Prompt ::
In the records below, find the line with "3. Navigate to" and repeat exactly every line from it through the line with "Використовується для всіх". Pictures stay out.

Data supplied Block Start

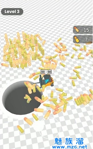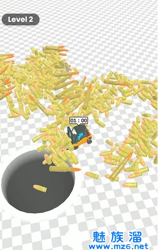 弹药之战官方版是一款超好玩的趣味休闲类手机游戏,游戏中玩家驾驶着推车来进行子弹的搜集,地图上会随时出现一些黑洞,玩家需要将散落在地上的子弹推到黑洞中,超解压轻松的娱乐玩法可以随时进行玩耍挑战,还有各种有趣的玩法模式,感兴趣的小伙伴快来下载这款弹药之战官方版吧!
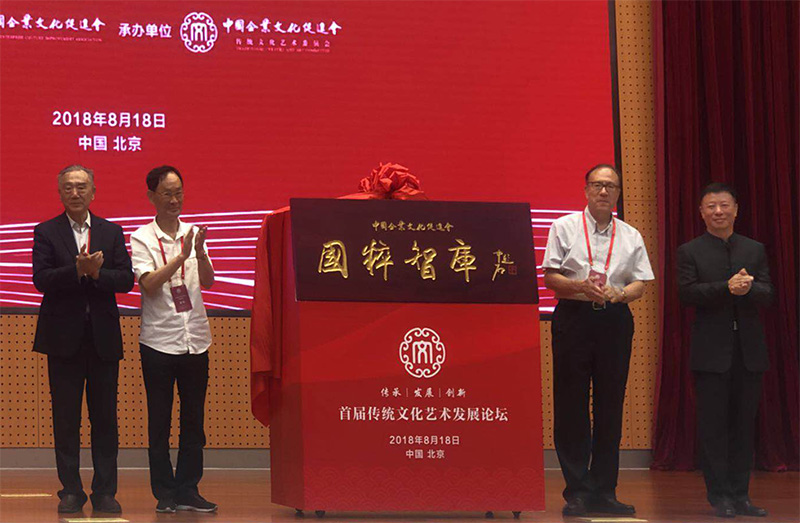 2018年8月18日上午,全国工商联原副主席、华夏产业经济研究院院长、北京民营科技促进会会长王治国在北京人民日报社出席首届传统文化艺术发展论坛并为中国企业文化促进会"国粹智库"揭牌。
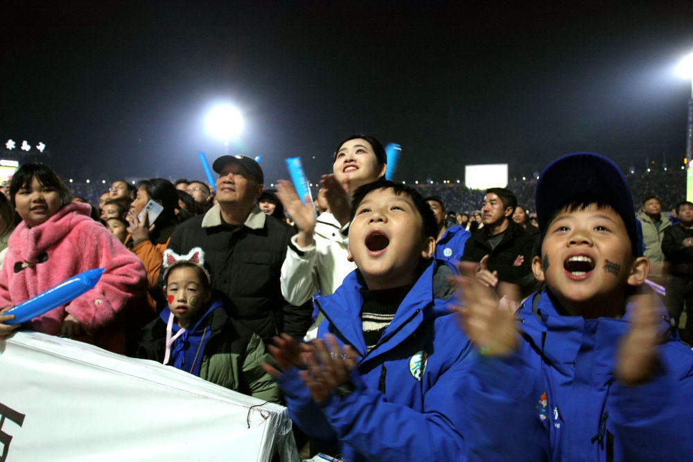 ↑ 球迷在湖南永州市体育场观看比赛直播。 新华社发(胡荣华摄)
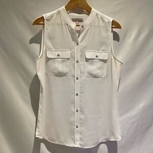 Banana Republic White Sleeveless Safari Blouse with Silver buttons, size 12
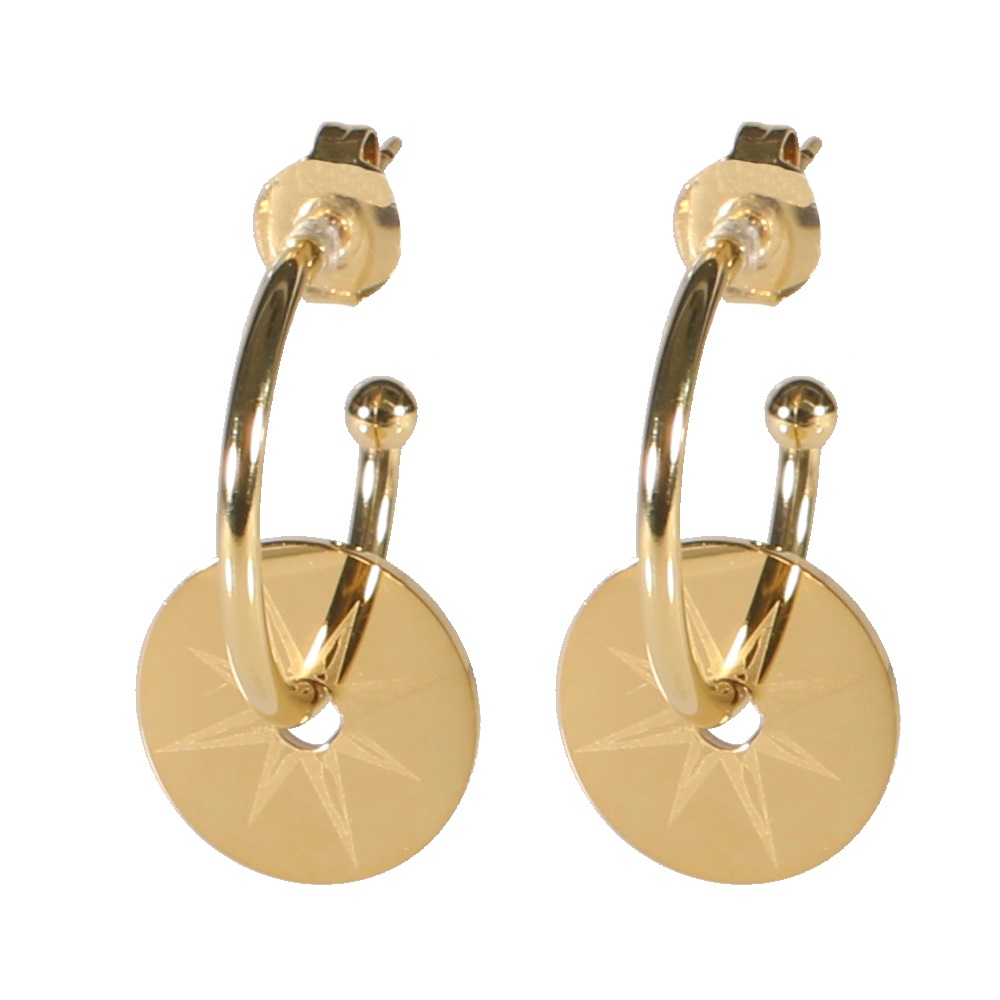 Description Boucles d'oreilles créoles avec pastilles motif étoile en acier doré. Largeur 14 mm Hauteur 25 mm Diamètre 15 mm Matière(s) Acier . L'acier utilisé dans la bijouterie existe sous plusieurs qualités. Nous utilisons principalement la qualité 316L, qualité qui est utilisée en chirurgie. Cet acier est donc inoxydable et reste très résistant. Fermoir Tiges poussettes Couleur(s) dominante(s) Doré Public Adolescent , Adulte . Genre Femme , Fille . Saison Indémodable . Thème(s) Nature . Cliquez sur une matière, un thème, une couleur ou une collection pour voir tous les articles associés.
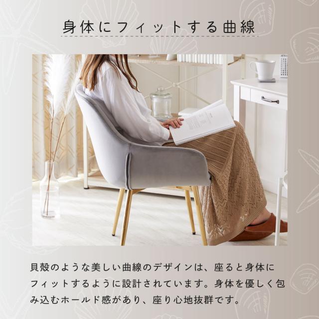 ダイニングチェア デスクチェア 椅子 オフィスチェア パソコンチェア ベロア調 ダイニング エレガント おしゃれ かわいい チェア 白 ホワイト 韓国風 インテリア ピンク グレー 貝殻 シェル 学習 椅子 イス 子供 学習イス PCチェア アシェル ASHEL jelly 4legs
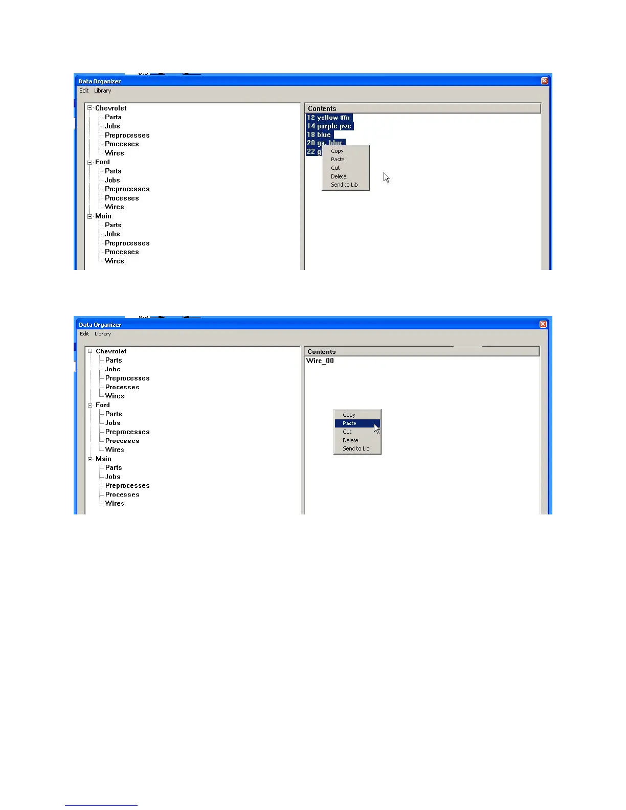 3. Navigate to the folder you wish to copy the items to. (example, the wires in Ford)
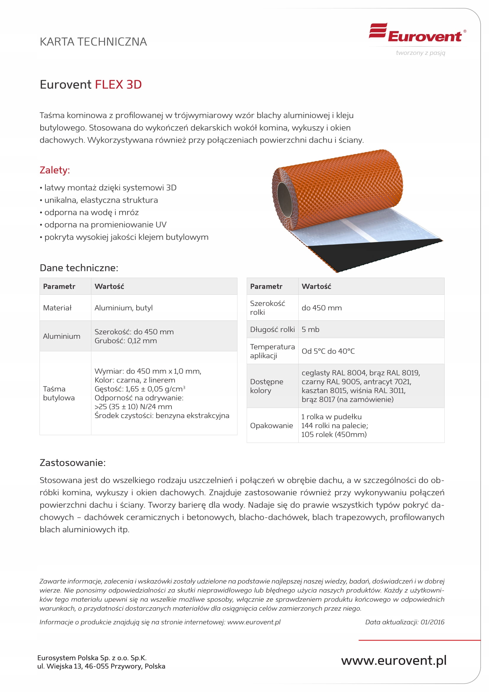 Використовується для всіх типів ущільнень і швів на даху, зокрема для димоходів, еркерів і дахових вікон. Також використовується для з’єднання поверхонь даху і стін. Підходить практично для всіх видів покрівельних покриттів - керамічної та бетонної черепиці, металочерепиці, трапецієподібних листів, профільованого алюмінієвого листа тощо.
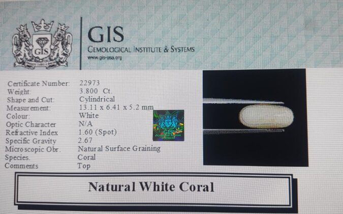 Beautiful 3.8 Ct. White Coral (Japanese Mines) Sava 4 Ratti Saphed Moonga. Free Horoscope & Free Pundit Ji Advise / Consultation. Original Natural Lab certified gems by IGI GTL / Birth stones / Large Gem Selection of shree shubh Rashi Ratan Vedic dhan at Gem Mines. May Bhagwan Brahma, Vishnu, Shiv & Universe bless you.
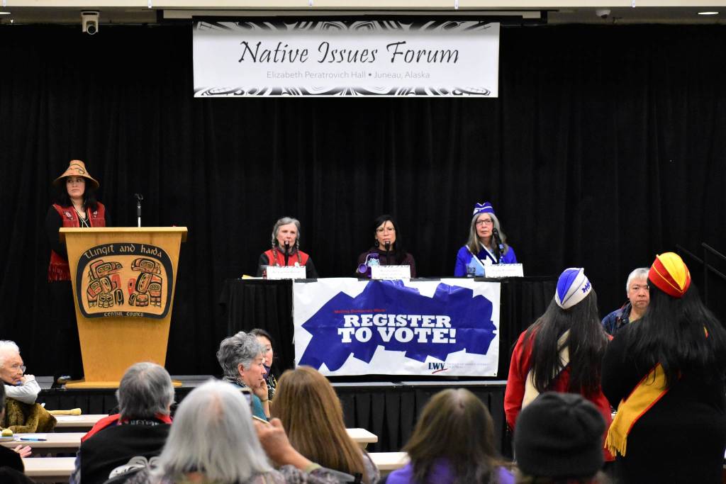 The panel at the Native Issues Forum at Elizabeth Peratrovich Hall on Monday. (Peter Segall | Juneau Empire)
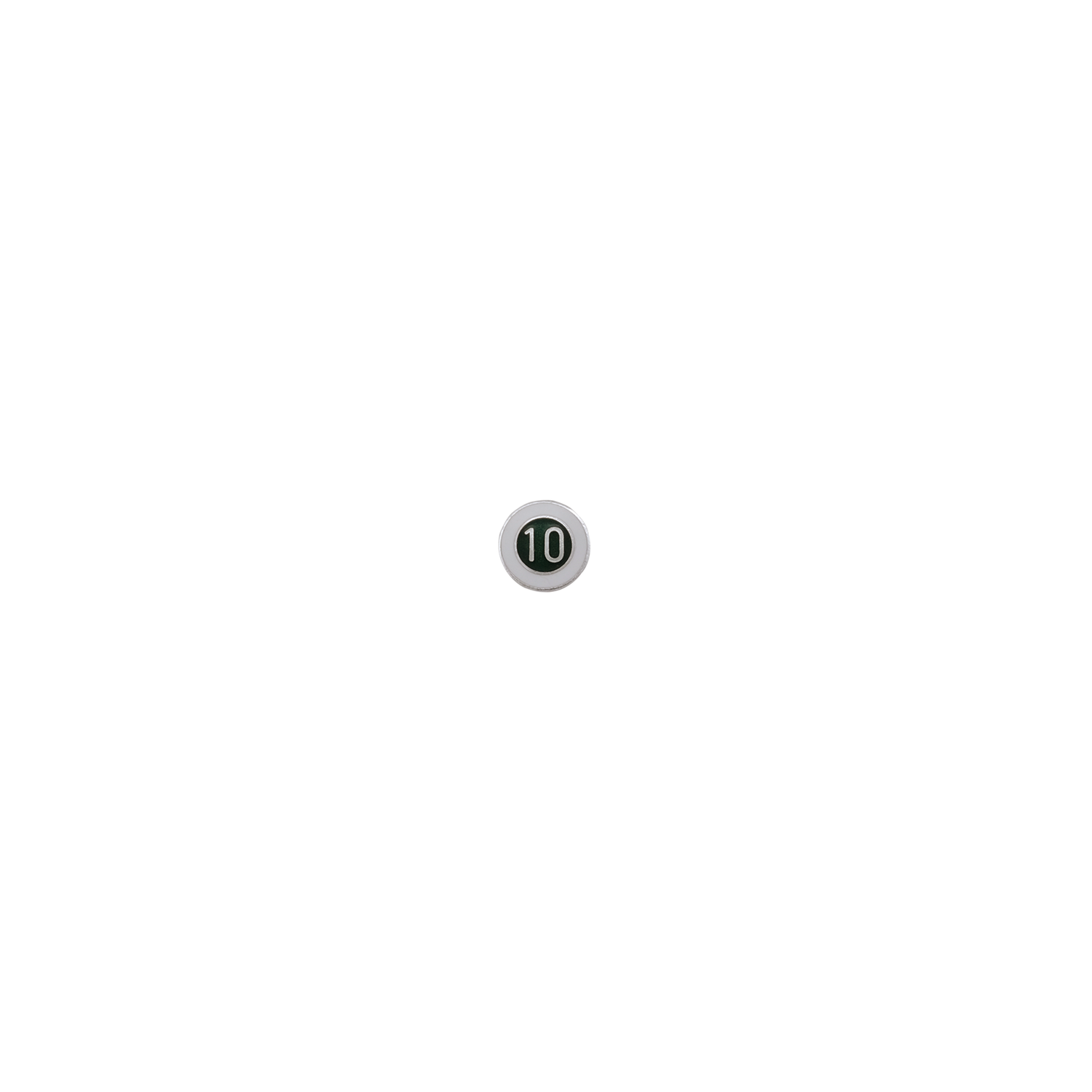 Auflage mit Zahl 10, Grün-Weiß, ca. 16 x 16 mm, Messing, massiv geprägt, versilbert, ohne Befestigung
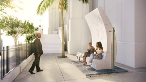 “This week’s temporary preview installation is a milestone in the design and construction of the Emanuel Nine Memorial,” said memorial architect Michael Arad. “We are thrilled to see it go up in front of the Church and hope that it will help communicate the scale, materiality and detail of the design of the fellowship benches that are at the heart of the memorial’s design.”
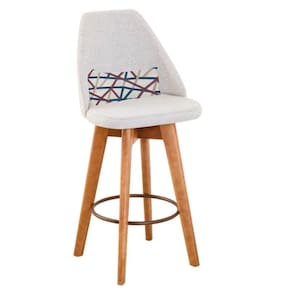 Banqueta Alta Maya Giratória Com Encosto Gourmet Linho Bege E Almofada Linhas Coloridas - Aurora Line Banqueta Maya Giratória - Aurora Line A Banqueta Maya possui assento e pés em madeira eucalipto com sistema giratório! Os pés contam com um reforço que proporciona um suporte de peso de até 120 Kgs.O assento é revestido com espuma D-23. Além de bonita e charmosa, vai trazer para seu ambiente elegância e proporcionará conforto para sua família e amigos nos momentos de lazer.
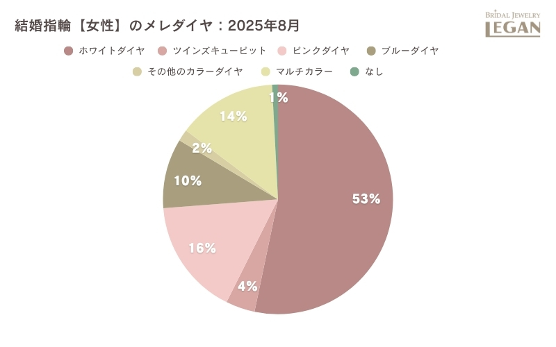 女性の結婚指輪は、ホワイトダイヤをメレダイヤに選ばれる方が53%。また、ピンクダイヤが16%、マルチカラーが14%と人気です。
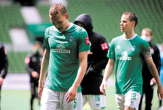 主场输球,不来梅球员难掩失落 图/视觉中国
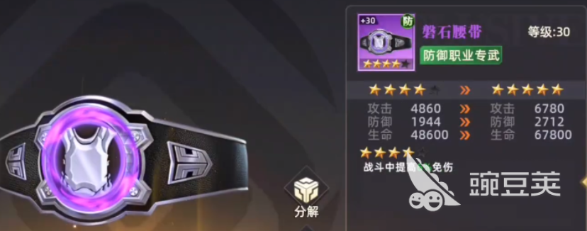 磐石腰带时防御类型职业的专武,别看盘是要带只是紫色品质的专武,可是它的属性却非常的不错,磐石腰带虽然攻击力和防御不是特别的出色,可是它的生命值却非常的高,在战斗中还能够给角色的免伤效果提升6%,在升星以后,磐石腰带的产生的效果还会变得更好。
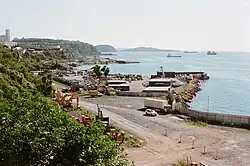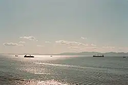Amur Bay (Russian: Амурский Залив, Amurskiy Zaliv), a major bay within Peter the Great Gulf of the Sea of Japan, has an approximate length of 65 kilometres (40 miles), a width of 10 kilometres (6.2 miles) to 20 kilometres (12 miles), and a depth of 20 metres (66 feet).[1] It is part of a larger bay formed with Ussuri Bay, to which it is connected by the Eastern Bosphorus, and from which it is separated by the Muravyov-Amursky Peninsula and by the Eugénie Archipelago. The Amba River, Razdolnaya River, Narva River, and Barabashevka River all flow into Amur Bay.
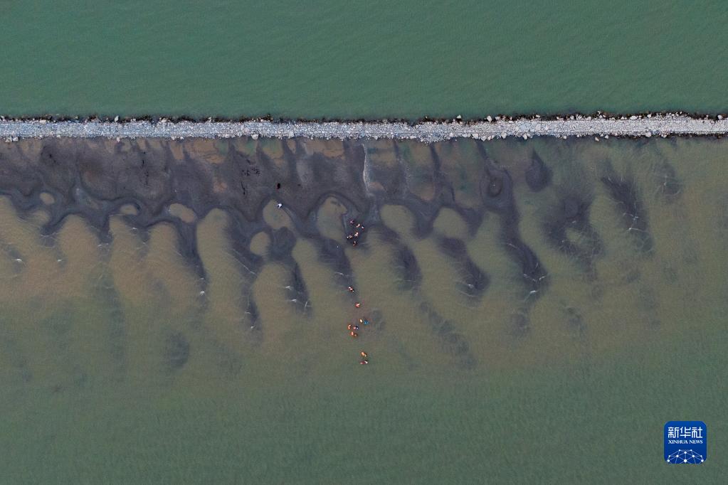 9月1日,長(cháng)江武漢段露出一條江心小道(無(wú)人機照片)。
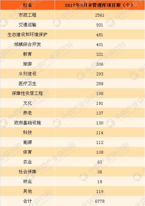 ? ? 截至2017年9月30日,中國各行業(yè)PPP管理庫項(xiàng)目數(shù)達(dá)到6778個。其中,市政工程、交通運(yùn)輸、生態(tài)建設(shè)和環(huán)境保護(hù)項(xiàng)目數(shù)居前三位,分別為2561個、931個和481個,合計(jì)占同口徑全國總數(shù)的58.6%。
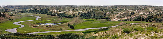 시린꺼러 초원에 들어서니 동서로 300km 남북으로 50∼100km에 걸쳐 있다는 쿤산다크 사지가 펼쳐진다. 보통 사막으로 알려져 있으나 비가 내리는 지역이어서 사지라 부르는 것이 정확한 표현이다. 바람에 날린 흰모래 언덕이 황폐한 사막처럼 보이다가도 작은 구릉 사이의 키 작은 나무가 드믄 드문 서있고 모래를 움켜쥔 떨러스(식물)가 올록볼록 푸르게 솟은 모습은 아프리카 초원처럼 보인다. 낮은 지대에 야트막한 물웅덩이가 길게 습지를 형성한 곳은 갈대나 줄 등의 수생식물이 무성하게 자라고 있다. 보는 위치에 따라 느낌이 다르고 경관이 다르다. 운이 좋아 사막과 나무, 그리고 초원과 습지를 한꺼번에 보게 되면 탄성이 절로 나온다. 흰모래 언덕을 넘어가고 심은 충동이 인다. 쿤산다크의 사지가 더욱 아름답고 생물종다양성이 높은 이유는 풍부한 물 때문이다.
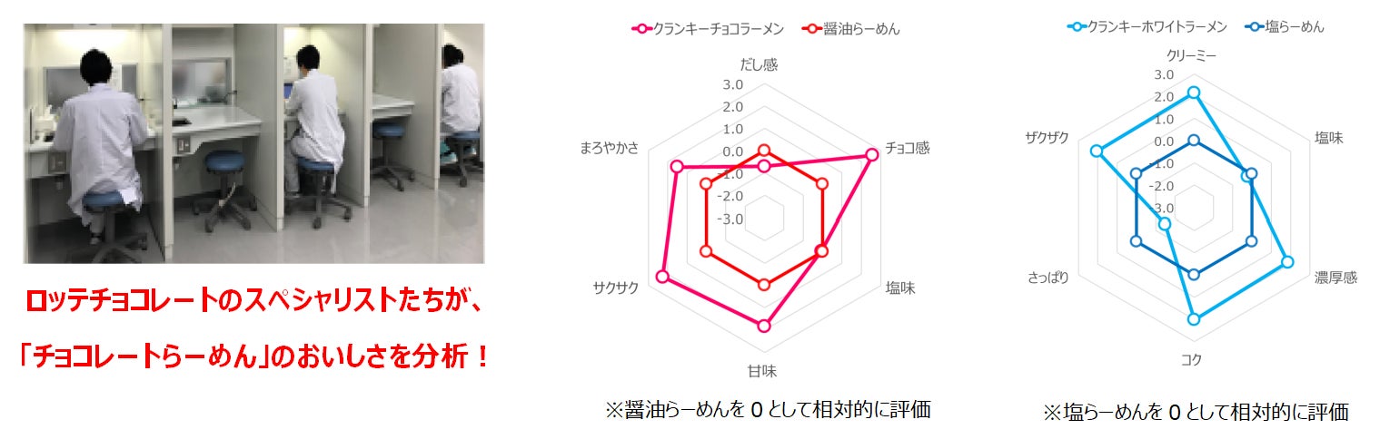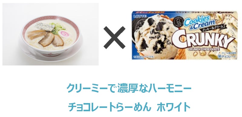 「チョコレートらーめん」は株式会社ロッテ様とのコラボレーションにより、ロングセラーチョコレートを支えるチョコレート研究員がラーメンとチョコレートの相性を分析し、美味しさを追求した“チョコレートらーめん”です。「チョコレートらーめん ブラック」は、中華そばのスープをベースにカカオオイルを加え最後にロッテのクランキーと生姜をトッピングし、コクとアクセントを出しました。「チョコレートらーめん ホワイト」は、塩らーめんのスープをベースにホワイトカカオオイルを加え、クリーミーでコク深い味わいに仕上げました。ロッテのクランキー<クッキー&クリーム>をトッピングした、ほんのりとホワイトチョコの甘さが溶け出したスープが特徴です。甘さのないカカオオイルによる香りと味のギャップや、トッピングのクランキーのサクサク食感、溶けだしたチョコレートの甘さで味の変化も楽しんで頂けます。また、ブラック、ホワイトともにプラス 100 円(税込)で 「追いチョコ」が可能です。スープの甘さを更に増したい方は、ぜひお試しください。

Data supplied Block End

Task output ::
 3. Navigate to the folder you wish to copy the items to. (example, the wires in Ford)
 Використовується для всіх типів ущільнень і швів на даху, зокрема для димоходів, еркерів і дахових вікон. Також використовується для з’єднання поверхонь даху і стін. Підходить практично для всіх видів покрівельних покриттів - керамічної та бетонної черепиці, металочерепиці, трапецієподібних листів, профільованого алюмінієвого листа тощо.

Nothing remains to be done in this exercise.